### [What is needed]
Find the line containing "PFF Factory Patek" in the listing below. Repeat it exactly, along with each following line up to and including the one containing "НС-5-204 Набор из".

### [Input records]
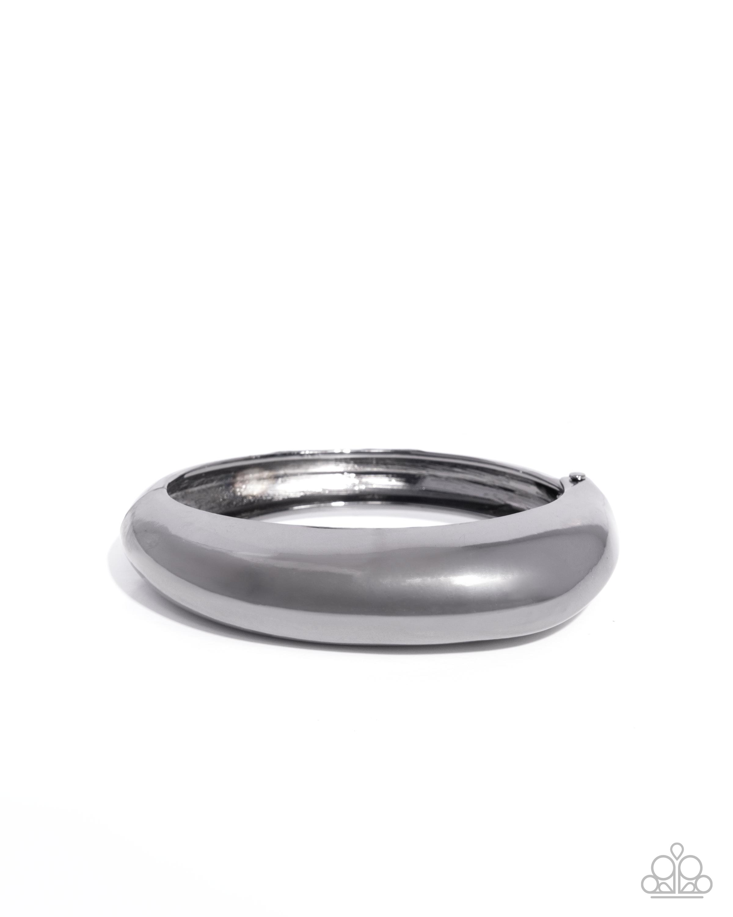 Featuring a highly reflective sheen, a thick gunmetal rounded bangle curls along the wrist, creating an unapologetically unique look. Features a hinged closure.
* * *
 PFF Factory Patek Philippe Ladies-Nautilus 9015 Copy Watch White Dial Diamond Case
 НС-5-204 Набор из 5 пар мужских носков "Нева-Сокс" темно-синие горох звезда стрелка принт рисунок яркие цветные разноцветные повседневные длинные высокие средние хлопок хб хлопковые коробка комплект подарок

### [Reply]
 PFF Factory Patek Philippe Ladies-Nautilus 9015 Copy Watch White Dial Diamond Case
 НС-5-204 Набор из 5 пар мужских носков "Нева-Сокс" темно-синие горох звезда стрелка принт рисунок яркие цветные разноцветные повседневные длинные высокие средние хлопок хб хлопковые коробка комплект подарок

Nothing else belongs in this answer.